WHAT YOU ARE ASKED TO DO
Throughout the records below, find the lines with the string "Round" and give how many there are, nothing else.
[[ RECORD EXCERPTS open ]]
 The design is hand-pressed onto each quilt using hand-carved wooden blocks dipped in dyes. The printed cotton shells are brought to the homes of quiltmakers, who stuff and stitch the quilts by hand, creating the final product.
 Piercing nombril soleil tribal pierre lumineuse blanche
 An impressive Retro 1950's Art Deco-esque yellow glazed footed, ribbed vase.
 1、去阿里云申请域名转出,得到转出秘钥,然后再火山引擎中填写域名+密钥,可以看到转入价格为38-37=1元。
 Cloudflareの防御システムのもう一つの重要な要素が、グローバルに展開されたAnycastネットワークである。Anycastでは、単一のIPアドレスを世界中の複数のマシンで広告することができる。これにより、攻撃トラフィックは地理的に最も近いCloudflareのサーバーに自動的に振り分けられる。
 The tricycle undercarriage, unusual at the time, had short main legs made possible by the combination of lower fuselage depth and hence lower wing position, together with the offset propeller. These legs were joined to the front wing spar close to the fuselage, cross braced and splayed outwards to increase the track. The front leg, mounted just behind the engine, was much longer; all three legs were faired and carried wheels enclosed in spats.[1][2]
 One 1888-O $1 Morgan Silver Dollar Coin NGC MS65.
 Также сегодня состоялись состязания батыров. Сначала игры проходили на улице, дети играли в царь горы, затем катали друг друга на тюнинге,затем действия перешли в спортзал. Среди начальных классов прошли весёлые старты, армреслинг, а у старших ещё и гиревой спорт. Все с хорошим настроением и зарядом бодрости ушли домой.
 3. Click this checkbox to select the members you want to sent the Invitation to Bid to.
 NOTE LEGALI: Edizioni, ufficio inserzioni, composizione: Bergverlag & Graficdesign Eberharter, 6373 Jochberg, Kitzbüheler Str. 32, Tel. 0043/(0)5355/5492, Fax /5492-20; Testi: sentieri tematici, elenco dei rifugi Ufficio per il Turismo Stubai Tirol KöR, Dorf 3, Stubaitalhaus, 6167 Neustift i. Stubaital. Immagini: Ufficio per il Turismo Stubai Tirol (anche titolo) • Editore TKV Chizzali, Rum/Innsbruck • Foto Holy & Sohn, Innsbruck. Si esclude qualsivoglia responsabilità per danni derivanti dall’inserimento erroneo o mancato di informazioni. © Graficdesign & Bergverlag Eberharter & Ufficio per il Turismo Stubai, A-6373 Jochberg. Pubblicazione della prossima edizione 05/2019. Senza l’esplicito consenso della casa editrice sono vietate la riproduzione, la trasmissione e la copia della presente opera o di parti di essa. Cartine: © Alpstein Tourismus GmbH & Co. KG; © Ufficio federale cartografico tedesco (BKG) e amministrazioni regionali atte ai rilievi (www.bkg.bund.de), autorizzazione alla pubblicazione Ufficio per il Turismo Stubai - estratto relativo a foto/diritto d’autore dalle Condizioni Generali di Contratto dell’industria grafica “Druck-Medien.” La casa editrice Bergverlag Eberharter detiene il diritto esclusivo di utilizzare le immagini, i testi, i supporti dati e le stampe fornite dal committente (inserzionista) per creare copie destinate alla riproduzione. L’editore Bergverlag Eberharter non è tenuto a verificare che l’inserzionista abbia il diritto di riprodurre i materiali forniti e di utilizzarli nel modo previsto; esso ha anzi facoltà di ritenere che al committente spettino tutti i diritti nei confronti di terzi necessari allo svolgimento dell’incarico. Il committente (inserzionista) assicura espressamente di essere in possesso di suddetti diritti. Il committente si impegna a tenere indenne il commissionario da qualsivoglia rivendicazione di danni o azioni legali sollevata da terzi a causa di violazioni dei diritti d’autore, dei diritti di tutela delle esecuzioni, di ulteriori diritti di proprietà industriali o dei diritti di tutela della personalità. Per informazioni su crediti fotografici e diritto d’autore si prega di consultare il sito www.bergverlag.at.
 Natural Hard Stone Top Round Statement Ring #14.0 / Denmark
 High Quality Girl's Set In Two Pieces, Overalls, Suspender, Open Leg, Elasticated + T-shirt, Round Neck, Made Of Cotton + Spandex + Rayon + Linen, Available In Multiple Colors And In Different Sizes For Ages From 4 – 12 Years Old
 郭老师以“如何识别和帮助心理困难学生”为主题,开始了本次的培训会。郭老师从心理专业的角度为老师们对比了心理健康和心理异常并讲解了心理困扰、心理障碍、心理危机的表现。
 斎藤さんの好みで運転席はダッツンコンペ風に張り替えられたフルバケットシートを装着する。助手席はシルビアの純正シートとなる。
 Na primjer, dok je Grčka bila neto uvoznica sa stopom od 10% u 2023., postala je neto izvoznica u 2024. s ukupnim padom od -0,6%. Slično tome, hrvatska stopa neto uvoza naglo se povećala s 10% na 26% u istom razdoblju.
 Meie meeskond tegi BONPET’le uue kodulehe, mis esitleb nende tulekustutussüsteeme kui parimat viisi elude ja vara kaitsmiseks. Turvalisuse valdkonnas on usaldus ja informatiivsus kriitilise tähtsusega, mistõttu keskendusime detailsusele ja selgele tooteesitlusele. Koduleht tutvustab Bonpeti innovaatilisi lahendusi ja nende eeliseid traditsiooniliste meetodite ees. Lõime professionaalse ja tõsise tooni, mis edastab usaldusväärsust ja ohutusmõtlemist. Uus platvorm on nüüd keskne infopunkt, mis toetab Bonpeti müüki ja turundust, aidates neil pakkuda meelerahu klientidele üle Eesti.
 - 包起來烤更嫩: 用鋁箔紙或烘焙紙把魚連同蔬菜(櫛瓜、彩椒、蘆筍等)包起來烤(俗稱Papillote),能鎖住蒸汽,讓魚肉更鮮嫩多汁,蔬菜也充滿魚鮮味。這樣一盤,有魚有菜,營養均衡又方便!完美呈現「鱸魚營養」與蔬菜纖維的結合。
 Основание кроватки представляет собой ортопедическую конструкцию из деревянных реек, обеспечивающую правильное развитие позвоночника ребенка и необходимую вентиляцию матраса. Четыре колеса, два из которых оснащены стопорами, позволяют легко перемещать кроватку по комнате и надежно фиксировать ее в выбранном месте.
[[ RECORD EXCERPTS closed ]]
TASK OUTPUT
2